YOUR INSTRUCTIONS: Give back the lines of the entries below exactly as written, from the first line to the line holding "Although practically every", both included, with the pictures omitted.

RECORDS FOR PROCESSING:
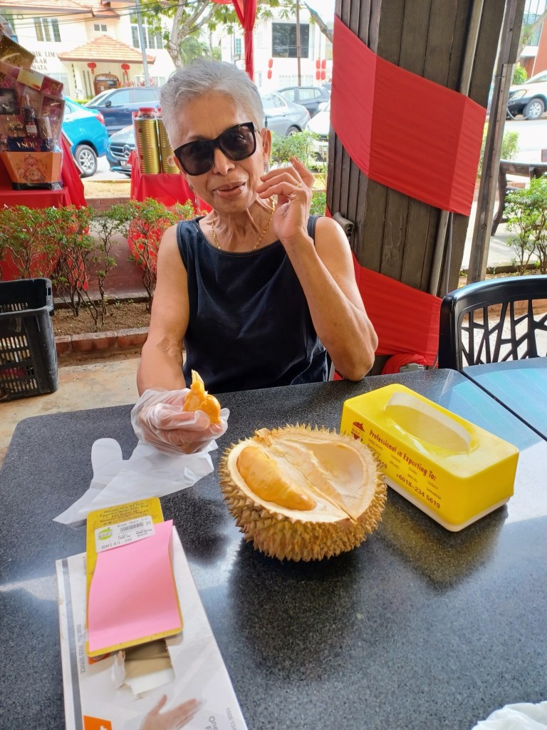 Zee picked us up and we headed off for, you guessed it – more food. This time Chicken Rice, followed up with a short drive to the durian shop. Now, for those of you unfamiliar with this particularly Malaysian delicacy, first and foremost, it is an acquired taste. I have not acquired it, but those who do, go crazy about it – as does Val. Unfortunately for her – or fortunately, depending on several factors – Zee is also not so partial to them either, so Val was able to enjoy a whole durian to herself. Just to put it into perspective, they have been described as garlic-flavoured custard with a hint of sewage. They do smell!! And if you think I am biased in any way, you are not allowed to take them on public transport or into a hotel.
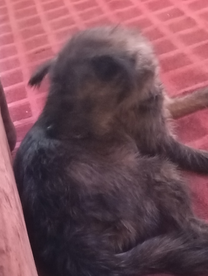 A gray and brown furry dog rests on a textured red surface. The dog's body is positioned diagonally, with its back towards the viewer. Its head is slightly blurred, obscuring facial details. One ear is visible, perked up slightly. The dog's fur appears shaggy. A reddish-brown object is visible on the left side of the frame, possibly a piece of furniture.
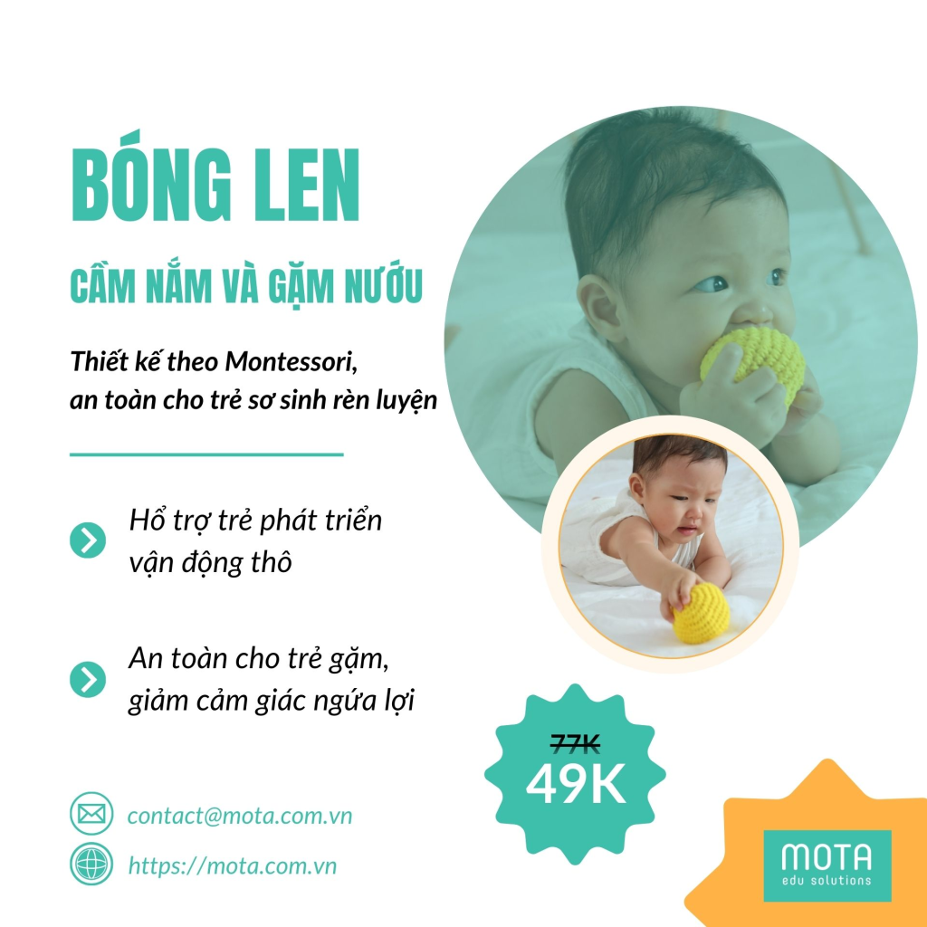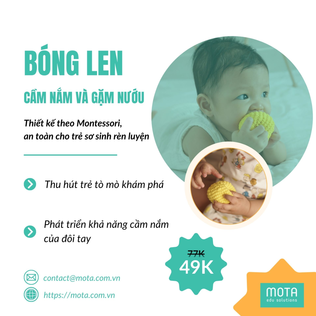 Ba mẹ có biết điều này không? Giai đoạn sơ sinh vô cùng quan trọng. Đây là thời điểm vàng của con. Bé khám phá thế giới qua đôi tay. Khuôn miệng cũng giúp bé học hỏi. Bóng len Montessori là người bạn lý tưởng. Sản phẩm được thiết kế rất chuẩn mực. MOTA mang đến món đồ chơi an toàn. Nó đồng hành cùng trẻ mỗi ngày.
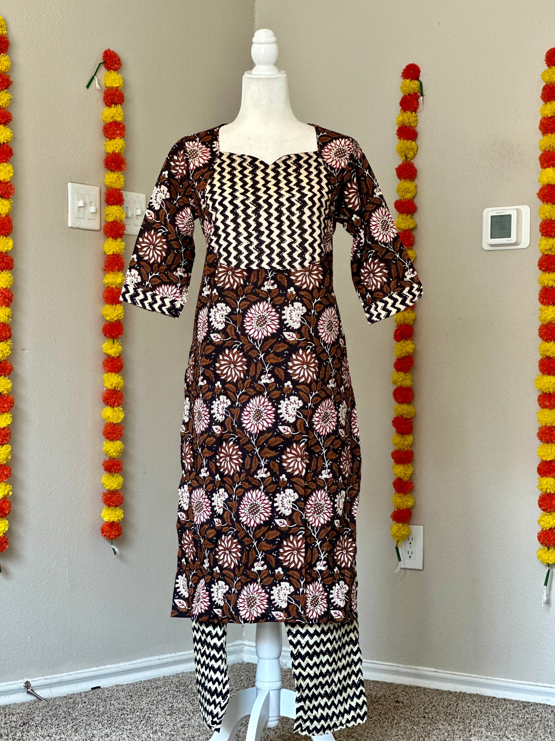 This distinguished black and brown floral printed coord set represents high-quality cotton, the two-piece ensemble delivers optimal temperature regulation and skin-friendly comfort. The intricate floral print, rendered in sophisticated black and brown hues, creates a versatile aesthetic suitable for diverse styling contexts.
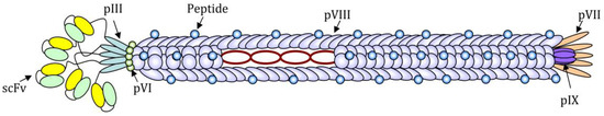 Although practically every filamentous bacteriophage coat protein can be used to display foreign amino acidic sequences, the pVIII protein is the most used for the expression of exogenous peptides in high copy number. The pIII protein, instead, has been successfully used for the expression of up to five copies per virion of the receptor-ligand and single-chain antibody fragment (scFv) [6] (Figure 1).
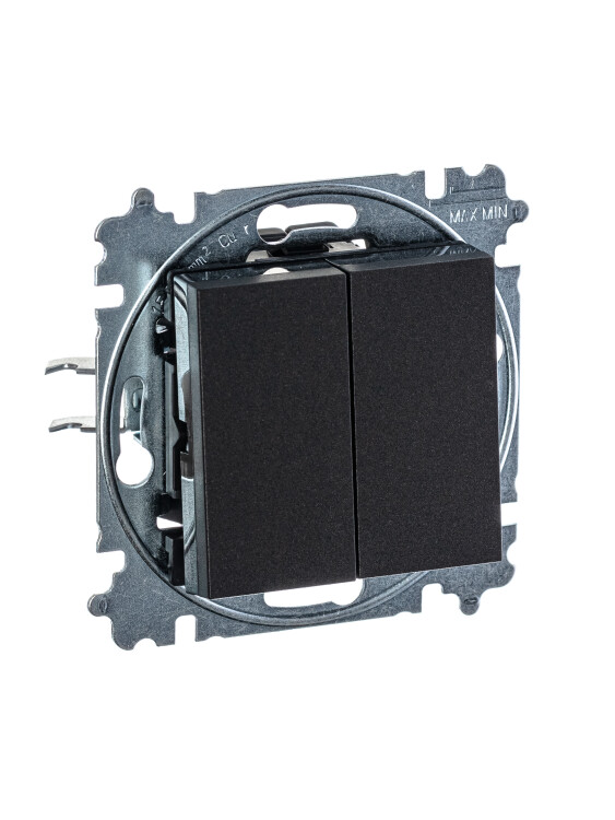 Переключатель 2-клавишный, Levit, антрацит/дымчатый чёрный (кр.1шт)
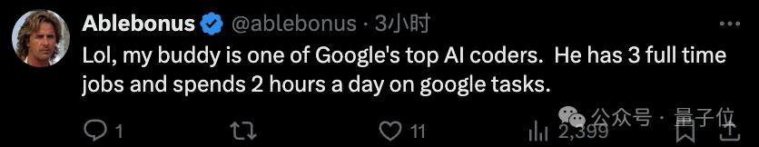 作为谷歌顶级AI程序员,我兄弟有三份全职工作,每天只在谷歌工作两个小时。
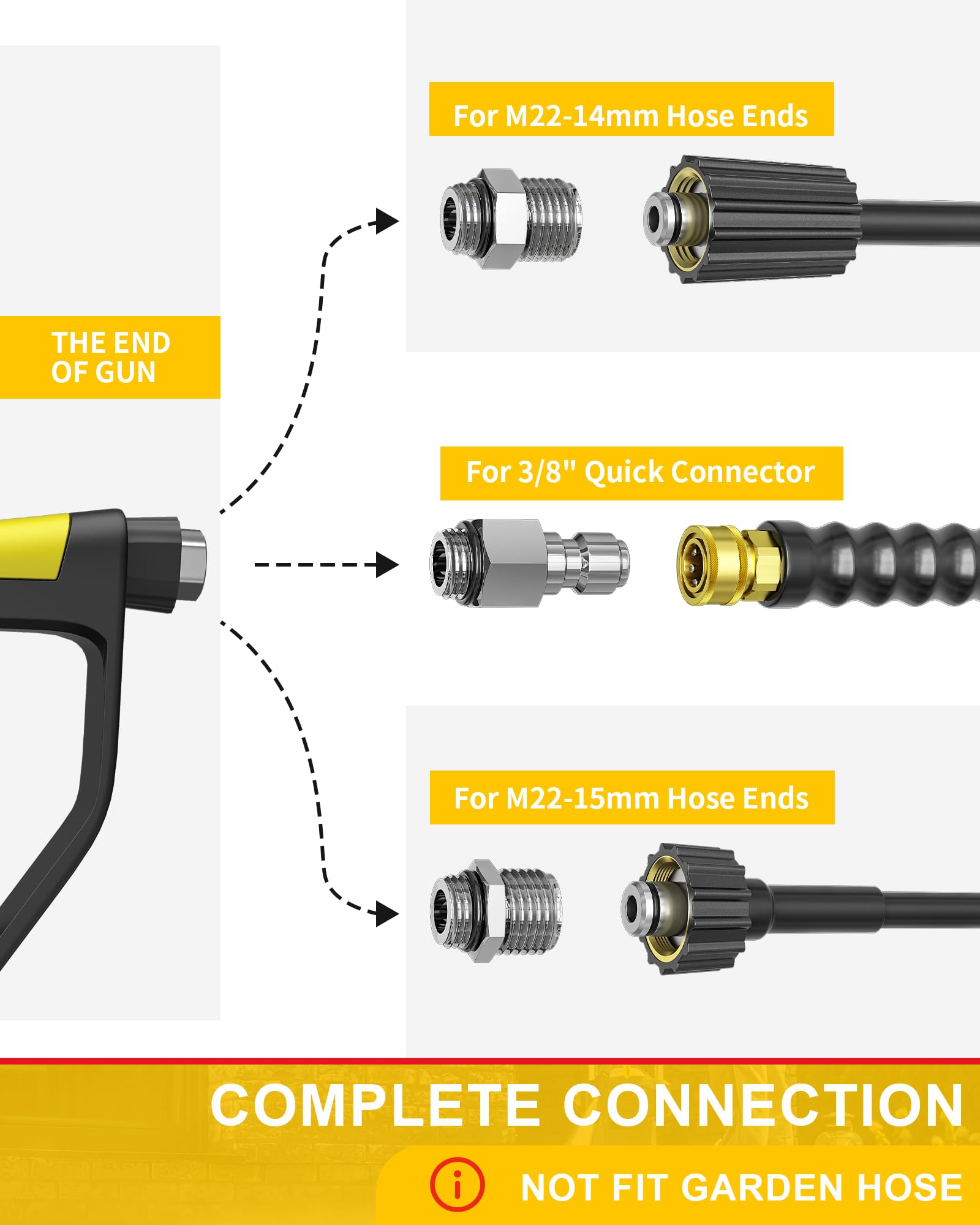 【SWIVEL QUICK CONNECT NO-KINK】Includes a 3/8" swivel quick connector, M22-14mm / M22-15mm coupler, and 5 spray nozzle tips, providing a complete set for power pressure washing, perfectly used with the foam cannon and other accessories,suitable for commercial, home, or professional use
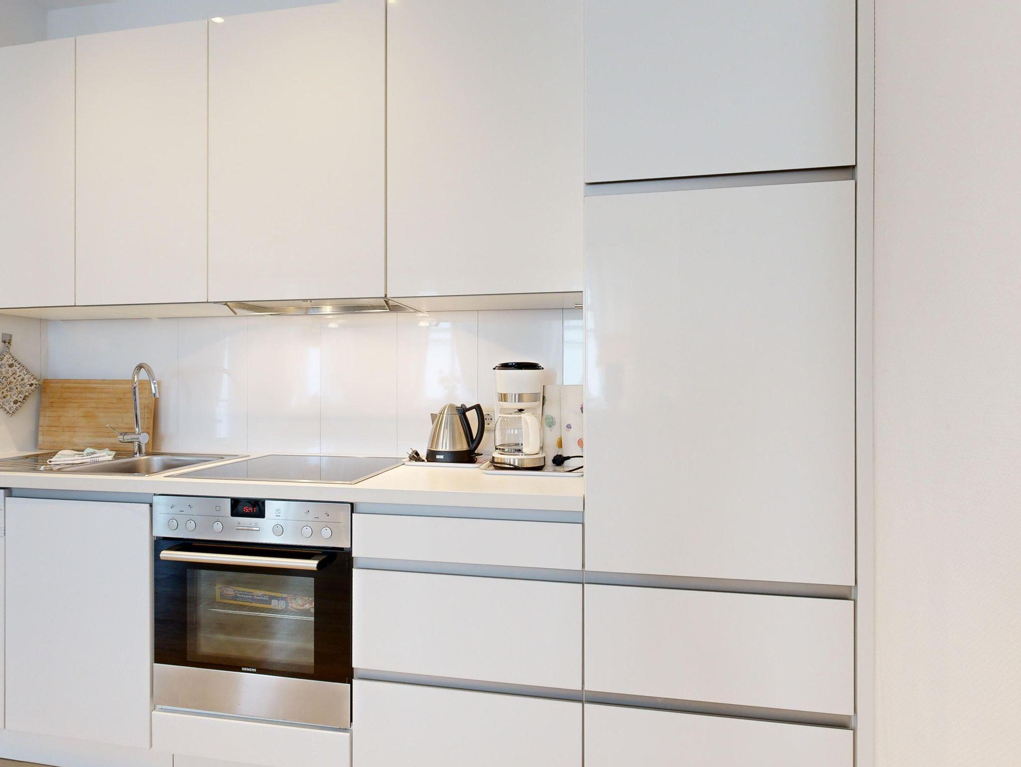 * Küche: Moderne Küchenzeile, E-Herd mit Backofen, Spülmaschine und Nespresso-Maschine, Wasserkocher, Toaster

ANSWER TO THIS EXERCISE:
 Zee picked us up and we headed off for, you guessed it – more food. This time Chicken Rice, followed up with a short drive to the durian shop. Now, for those of you unfamiliar with this particularly Malaysian delicacy, first and foremost, it is an acquired taste. I have not acquired it, but those who do, go crazy about it – as does Val. Unfortunately for her – or fortunately, depending on several factors – Zee is also not so partial to them either, so Val was able to enjoy a whole durian to herself. Just to put it into perspective, they have been described as garlic-flavoured custard with a hint of sewage. They do smell!! And if you think I am biased in any way, you are not allowed to take them on public transport or into a hotel.
 A gray and brown furry dog rests on a textured red surface. The dog's body is positioned diagonally, with its back towards the viewer. Its head is slightly blurred, obscuring facial details. One ear is visible, perked up slightly. The dog's fur appears shaggy. A reddish-brown object is visible on the left side of the frame, possibly a piece of furniture.
 Ba mẹ có biết điều này không? Giai đoạn sơ sinh vô cùng quan trọng. Đây là thời điểm vàng của con. Bé khám phá thế giới qua đôi tay. Khuôn miệng cũng giúp bé học hỏi. Bóng len Montessori là người bạn lý tưởng. Sản phẩm được thiết kế rất chuẩn mực. MOTA mang đến món đồ chơi an toàn. Nó đồng hành cùng trẻ mỗi ngày.
 This distinguished black and brown floral printed coord set represents high-quality cotton, the two-piece ensemble delivers optimal temperature regulation and skin-friendly comfort. The intricate floral print, rendered in sophisticated black and brown hues, creates a versatile aesthetic suitable for diverse styling contexts.
 Although practically every filamentous bacteriophage coat protein can be used to display foreign amino acidic sequences, the pVIII protein is the most used for the expression of exogenous peptides in high copy number. The pIII protein, instead, has been successfully used for the expression of up to five copies per virion of the receptor-ligand and single-chain antibody fragment (scFv) [6] (Figure 1).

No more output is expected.